Animation Thinks: A Story of Media Entanglements in China

How does animation think? What happens when animation falls in love with other visual forms? In this talk, Dr Panpan Yang traces the perplexing permutations and ramifications of a distinct pattern of imagination in Chinese animation – the remediation of painting, calligraphy, and porcelain. She proposes a form of trans-spatial thinking to examine contemporary Chinese animation: to trace, document, and explain how the meaning of a work of Chinese animation subtly changes as it moves in and out of the world of the film industry, the sphere of contemporary art, and other spaces.
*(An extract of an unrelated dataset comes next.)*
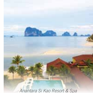
Anantara Si Kao Resort & Spa

Conditions: Hotel: Offer applicable to only Royal Orchid Plus members and cannot be used in conjunction with other promotions. Not applicable on public holidays, long weekends, festive seasons, and peak periods. Not applicable to group reservations and reservations for meetings, incentive, conventions and exhibition. Centara Hotels & Resorts reserves the right to cancel or amend bookings if terms and conditions are not followed. Dining: Offer is exclusively for Royal Orchid Plus members and it cannot be used in conjunction with any other promotional programs. Offer is not applicable to set/special discount menu unless specified otherwise. Offer is not applicable on public holidays and festive seasons. Advance reservation is required and subject to room space availability via Reservation Centre. Spa: *Offer applicable at Centara Chaan Talay Resort & Villas Trat. Offer applicable to only Royal Orchid Plus members and cannot be used in conjunction with other promotions. Offer applicable on a la carte treatment only and excluding Pedicure, Manicure or Waxing Services. Offer is valid for reservation from 10:00 hrs - 16:00 hrs daily. Advance reservation is required and subject to availability. Prices are based on published rates and subject to service charge and government tax.

Panpan Yang is currently a Lecturer (Assistant Professor) in the Department of History of Art and Archaeology at SOAS University of London. She holds a PhD in East Asian Languages and Civilizations and Cinema and Media Studies from the University of Chicago. From 2023 to 2025, she is the Principal Investigator of the Arts and Humanities Research Council (AHRC)-funded research project on calligraphic imagination in contemporary Chinese art and emergent media. Her articles have appeared in Archives of Asian Art, Journal of Contemporary Chinese Art, Journal of e-Media Studies, Melodrama Unbound, Chinese Animation: Multiplicities in Motion, and other journals and edited volumes. With Oscar-winning art director Tim Yip and design historian Leren Li, she recently completed the co-authored book Spiritual DNA, under contract with Hong Kong University Press.